Chapter 5 - Strings

The chapter on variables dicussed three different basic data types: numbers, booleans, and strings. The string data type is more complex and has more built-in operations than the number and boolean types that have been covered. This chapter will only cover the essentials of working with strings. For a more complete reference, refer to the Python documentation.

What is a String?

A string is a list of symbols. In the world of computing, these symbols are commonly referred to as characters. Characters in a string can be letters, numbers, punctuation, special characters (such as ~@#$%^*()[]{}-=_+/\|><), and more. Strings are used to hold all kinds of textual data such as user input from the keyboard, names of people and places, instructions, email addresses, etc. This text that you are currently reading on your computer screen is stored in your computer's memory as a string. Strings are defined in code by wrapping double quotes (") or single quotes (') around the string data. Here are some examples:

name = "Bob the Builder"
occupation = "Builder"
salary = "$35,000"
phone = "(123) 456-7890"
email = "builder_bob@nowhere.net"
phrase = "Let's build it!"
favorite_quote = '"One small step for man; one giant leap for for mankind." - Neal Armstrong'

When strings are printed to the screen, the outer quotes are not shown. For example, the command print("Welcome, Bob!") will show as Welcome, Bob! in the output console.

String Concatenation

Strings can be added together to create bigger strings. For example, "Hello, " + "World!" = "Hello, World!. Adding one string onto another is also known as concatenating or appending.

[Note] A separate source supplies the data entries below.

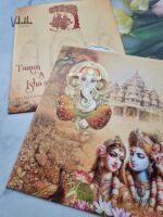 Be the first to review “Sita Ram Radha Krishna Ganesh Ji Hindu Orange Colored wedding invitation Cards NA-1125-4”
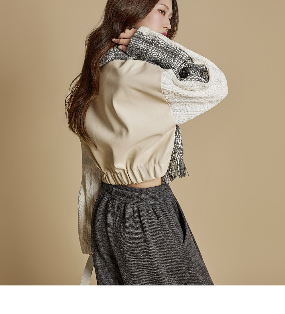 This is a casual color-block leather jacket
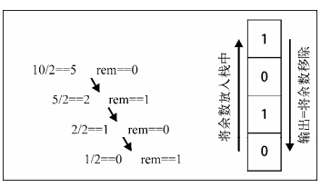 10的二进制就是:1010,下面通过栈的方式编写10进制转2进制的函数:function divideBy2(decNumber) {

Notice that the operation for string concatenation is +, just like the operation for number addition. 1 + 1 = 2, but "1" + "1" = "11". This is one of the reasons why it is so important to understand variables and data types; using the same code with different data types can produce different results. Sometimes it can get confusing if you're not careful to understand the data types of your variables. For this reason, not every programming language uses the + for string contatenation, but Python and JavaScript both do.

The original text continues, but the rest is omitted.